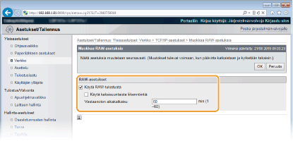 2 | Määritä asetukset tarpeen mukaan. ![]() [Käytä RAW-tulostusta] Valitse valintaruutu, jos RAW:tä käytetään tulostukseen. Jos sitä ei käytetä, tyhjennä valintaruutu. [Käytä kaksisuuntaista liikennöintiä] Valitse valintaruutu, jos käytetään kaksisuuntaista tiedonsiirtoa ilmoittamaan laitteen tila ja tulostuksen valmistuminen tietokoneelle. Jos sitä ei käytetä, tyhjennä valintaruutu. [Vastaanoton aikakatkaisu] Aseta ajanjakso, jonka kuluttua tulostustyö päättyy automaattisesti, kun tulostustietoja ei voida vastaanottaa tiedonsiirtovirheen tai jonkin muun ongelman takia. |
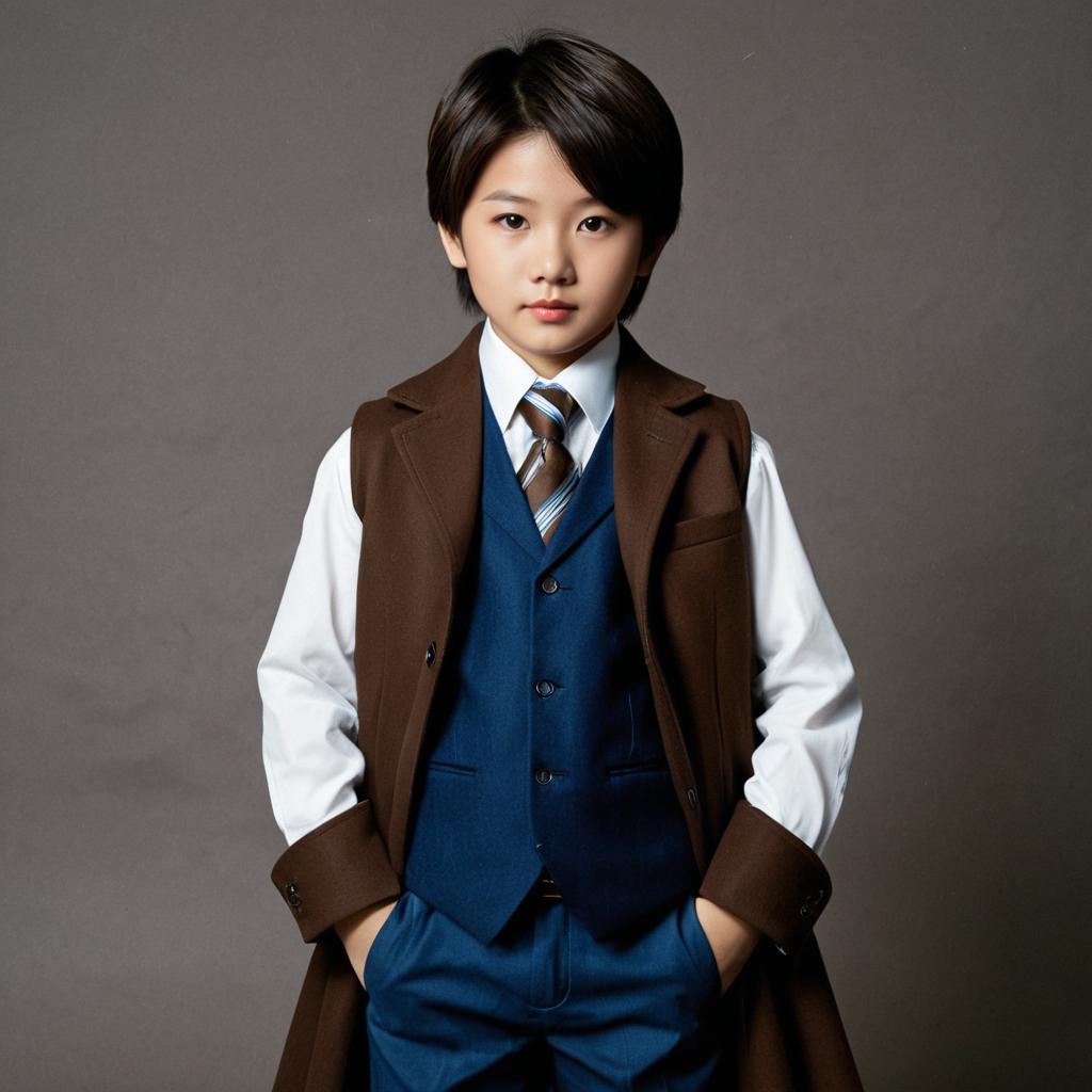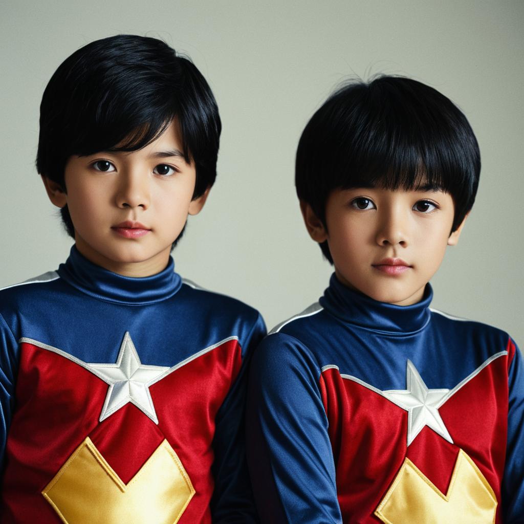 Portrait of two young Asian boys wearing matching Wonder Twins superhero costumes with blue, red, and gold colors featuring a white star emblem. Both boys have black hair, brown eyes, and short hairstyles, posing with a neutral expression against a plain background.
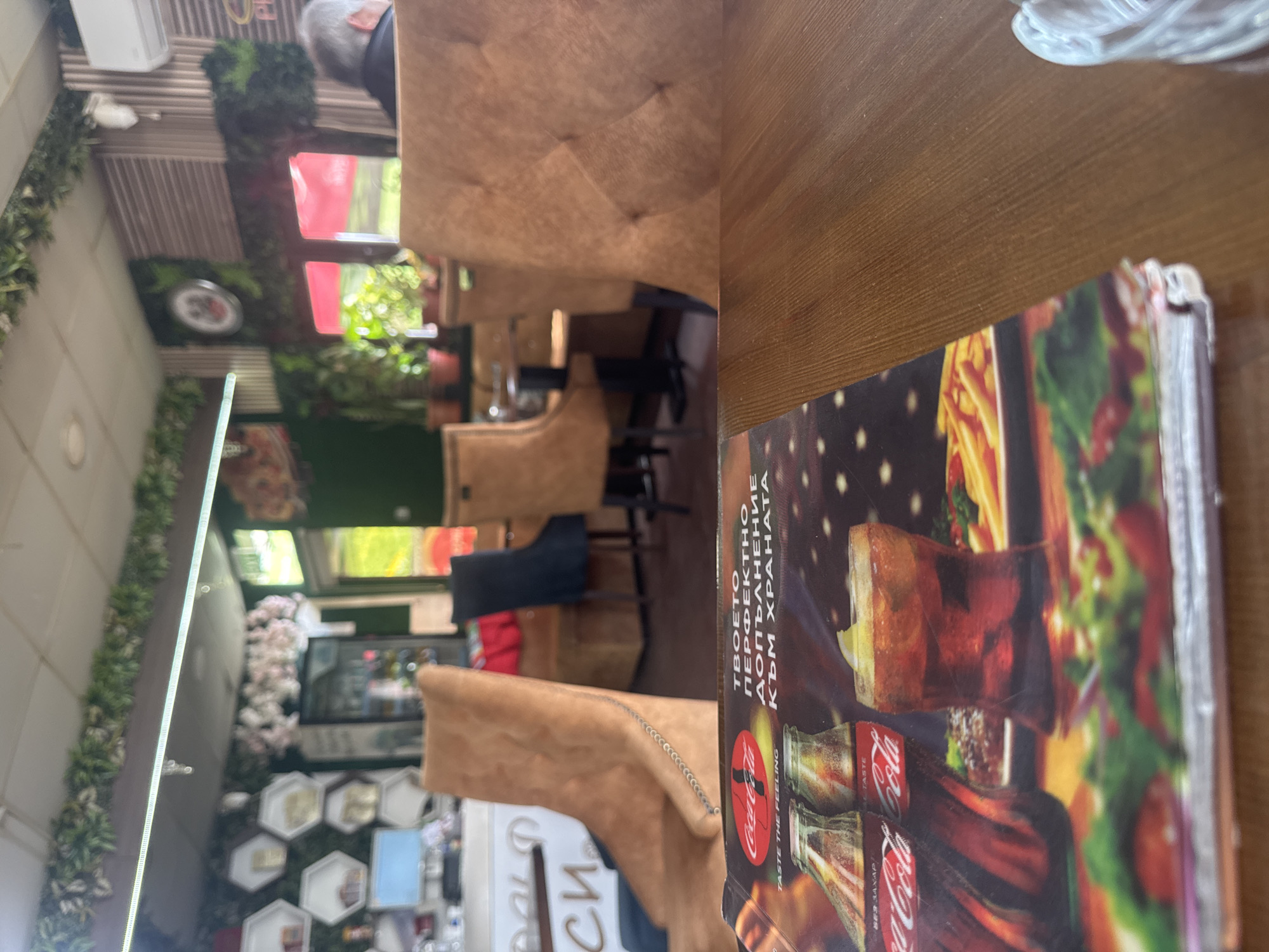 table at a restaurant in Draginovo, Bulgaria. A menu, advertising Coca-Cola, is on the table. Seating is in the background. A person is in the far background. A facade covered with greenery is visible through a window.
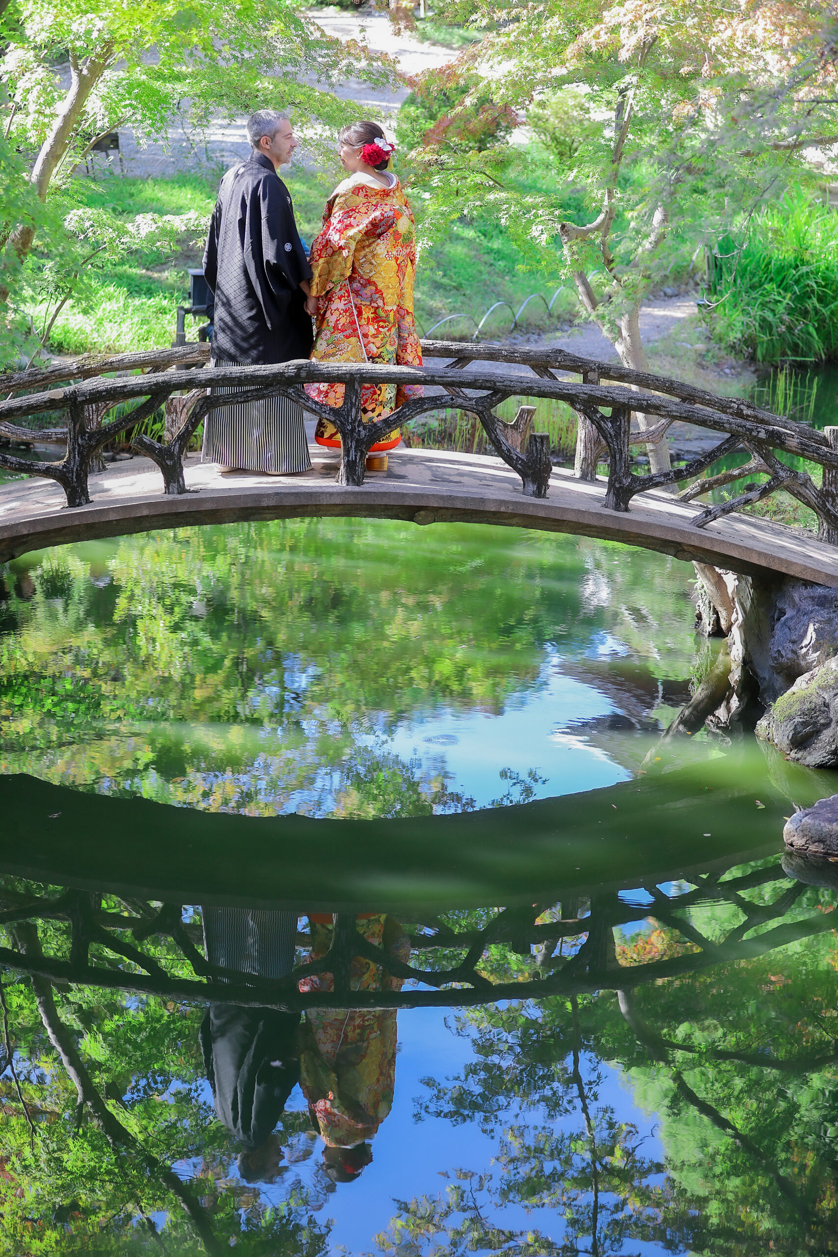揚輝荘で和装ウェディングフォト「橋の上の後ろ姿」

○ ○ ○ ○ ○ ○ ○

* [PROBLEM TO SOLVE] The pictures should not be reproduced; quote all of the other material exactly.

* [RESPONSE BELOW]
 2 | Määritä asetukset tarpeen mukaan. ![]() [Käytä RAW-tulostusta] Valitse valintaruutu, jos RAW:tä käytetään tulostukseen. Jos sitä ei käytetä, tyhjennä valintaruutu. [Käytä kaksisuuntaista liikennöintiä] Valitse valintaruutu, jos käytetään kaksisuuntaista tiedonsiirtoa ilmoittamaan laitteen tila ja tulostuksen valmistuminen tietokoneelle. Jos sitä ei käytetä, tyhjennä valintaruutu. [Vastaanoton aikakatkaisu] Aseta ajanjakso, jonka kuluttua tulostustyö päättyy automaattisesti, kun tulostustietoja ei voida vastaanottaa tiedonsiirtovirheen tai jonkin muun ongelman takia. |
 Portrait of two young Asian boys wearing matching Wonder Twins superhero costumes with blue, red, and gold colors featuring a white star emblem. Both boys have black hair, brown eyes, and short hairstyles, posing with a neutral expression against a plain background.
 table at a restaurant in Draginovo, Bulgaria. A menu, advertising Coca-Cola, is on the table. Seating is in the background. A person is in the far background. A facade covered with greenery is visible through a window.
揚輝荘で和装ウェディングフォト「橋の上の後ろ姿」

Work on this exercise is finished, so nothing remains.